Love is this bold, genuine, and pure feeling that I will never be able to express through words. Love is what keeps us going, it represents our motivation to pursue our dreams and to follow our hearts.
To have the propensity to love is one of the most valuable powers you can be gifted with because ultimately, love is what brings us together as human beings.
Love is when your happiness becomes your significant other's happiness or when you're never to busy for your other half. It is that unspeakable feeling you encounter when you look into someone's eyes and the only apprehensions left for you to experience are goosebumps.
But most importantly, for me, the best way I can describe love as, is YOU.

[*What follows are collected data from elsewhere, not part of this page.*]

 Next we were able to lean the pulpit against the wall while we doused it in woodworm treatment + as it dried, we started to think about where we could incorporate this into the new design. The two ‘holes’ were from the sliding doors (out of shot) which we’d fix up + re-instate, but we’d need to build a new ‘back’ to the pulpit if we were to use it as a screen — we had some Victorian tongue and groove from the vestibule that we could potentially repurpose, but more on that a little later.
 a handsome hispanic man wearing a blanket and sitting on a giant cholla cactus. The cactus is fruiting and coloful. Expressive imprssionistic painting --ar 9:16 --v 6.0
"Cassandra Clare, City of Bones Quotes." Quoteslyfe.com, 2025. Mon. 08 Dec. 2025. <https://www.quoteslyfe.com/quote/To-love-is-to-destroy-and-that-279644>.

Imagine this 18-year-old rebellious boy, running around God knows what, chasing the stars and aspiring to become this undefined "thing" outlined by anything but the disseminated standards. That was me. Always eating lunch in the corner of the dining hall while reading the most underrated fiction books you could find on the highest shelves in the school's library.
Hyperactive and fearless were the two most usual words people used to describe me with. I was not even close to that idealistically pictured senior that girls appreciated and I was always deemed "weird" for my uncommon perceptions. I was not expected to show up at any young lady's door to ask her to go to the prom with me, but instead, I was expected to be that boy sitting alone in the school's yard reading my favorite Scott Sigler book while everyone else was attending their last high school dance.

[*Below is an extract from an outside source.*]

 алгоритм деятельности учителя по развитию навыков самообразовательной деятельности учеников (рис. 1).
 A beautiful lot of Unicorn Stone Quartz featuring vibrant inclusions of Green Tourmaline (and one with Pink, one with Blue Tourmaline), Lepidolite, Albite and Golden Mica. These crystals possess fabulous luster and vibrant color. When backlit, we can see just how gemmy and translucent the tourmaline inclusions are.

I was waiting for anything new and revolutionary but not for change. I was pleased with the person I had then become. I did not care about the others' opinions, even though I was on the top of their "gossips list". I was just being myself, and `I was proud of that. I never looked for validation from anyone and I was never interested in becoming suitable for the "mass".
Because of my attitude and because of my personality I never thought I would have been accepted in anyone's life as their soulmate. But I got through with that, to the point where being a loner did not hurt anymore. I will never deny the fact that I needed that female presence in my life and that I wanted what for the others seemed so easy to get. I needed that support my father had from my mother and in need of that trust, my grandmother had in my grandfather. But I was not aware of the fact that those were my needs because I considered them fantasies that the human race had created in order to paint the pretty picture of a relationship. I did not believe in those things, at least not under those circumstances.

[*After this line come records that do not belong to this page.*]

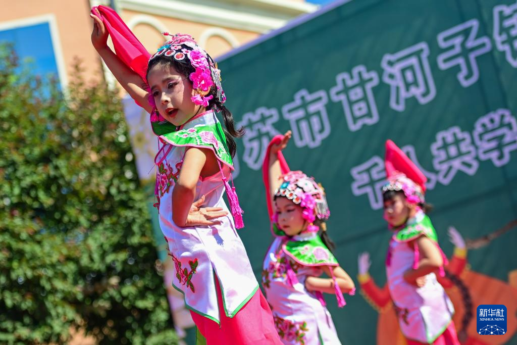 6月4日,在“千人共跳民族舞”主题活动现场,甘河子镇中心小学学生在表演节目。
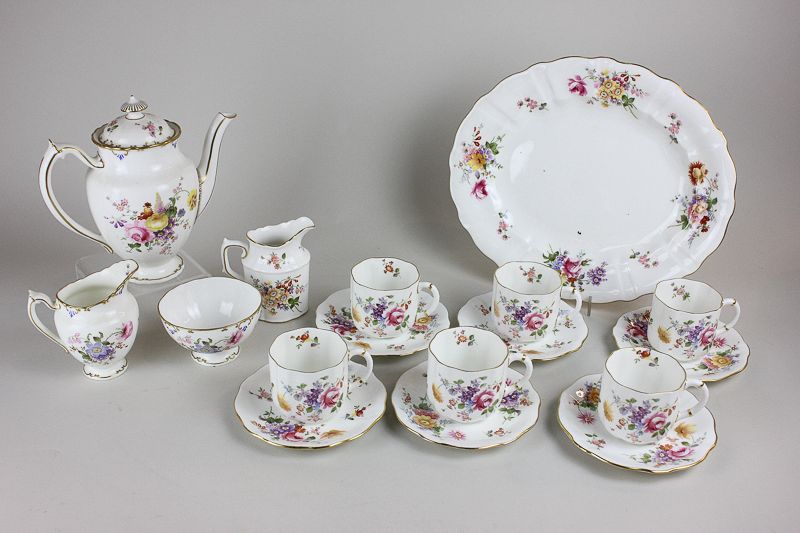 A Royal Crown Derby, Derby Posies pattern coffee set for six with an oval serving plate and a similar jug
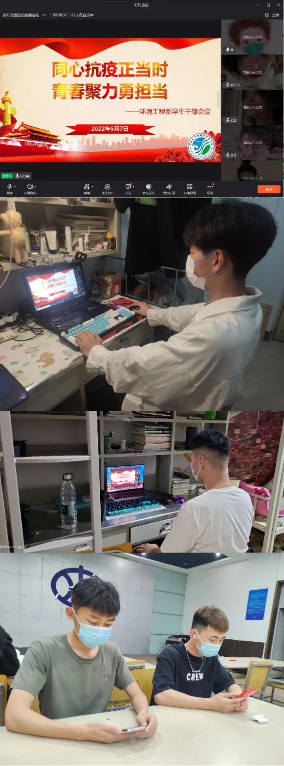 5月7日,谈球吧体育官网入口召开“同心抗疫正当时,青春聚力勇担当”学生干部线上会议。会议根据学校疫情防控网格化管理要求,对本系疫情防控工作进行了再部署,并就校园静态管理期间学生工作存在的困难进行了充分讨论。会议要求,全系学生干部要积极担当、甘于奉献,自觉践行伟大抗疫精神,为学校抗疫工作贡献青春力量。

But my approach to accepting myself as a "loner" did not last for too long.
It was that exact moment I was talking about earlier- me reading while the others were having fun- when I saw you. This really beautifully tailored dress with white details was covering your slim-fit body while you exited the school in tears. You sat down on the grass and started to enhance your crying. Dozens of people came out to look for you and when I saw the disgust on your face the only thing I could think about was grabbing you out of the crowd. Up to that point, I had never dared to talk to you because you had the reputation of the smartest and most beautiful girl in school, with whom I could never establish an acquaintance. Though, I was sure of one thing: you did not want to be there. Additionally, that led to my conclusion: we had one thing in common.
So there I was, dragging you out of that considerable mess when I looked down at you and I said:,, Come with me!". We hopped into my car and the first thing you said to me was:,, Is my makeup ruined?". I laughed, even though mascara seemed to have become the foundation on your face.
I was surprised to find out that you knew who I was and that you considered me an example because of what I was expressing through my behavior. You explained how your sadness was the consequence of your boyfriend betraying you, and we talked for hours while driving around the city. We "clicked". It was faith.
I took you home at about 5 a.m. and you got out of my car by saying,, This was the best prom ever", even though we had only spent 30 minutes back at the party. Driving back home, I had this feeling that my period of being a "loner" was going to end. It was all so spontaneous and unexpected but I knew that was the start of "something". It was the beginning of that "new" I was waiting for and it was the beginning of us.
Fast forward 15 years later, here we are again, in front of your house, where it all started. I am carrying my favorite Scott Sigler book and you are wearing the same dress with white detailing. You gave me the support my dad had from my mom and you trusted me like my grandma trusted my grandpa. You accepted me as I accepted myself and you believed in me as I believed in myself. You became the person in whose eyes I will always look to get lost in a beautiful universe filled with happiness, where time is immeasurable. Throughout all of these 15 years, you had never given up on me and I had never given up on you.
Although we are still in this roller coaster we had hopped on together, let's just press pause on the rest and focus on my following question:
,, The smartest and most beautiful girl in school, WILL YOU MARRY ME?"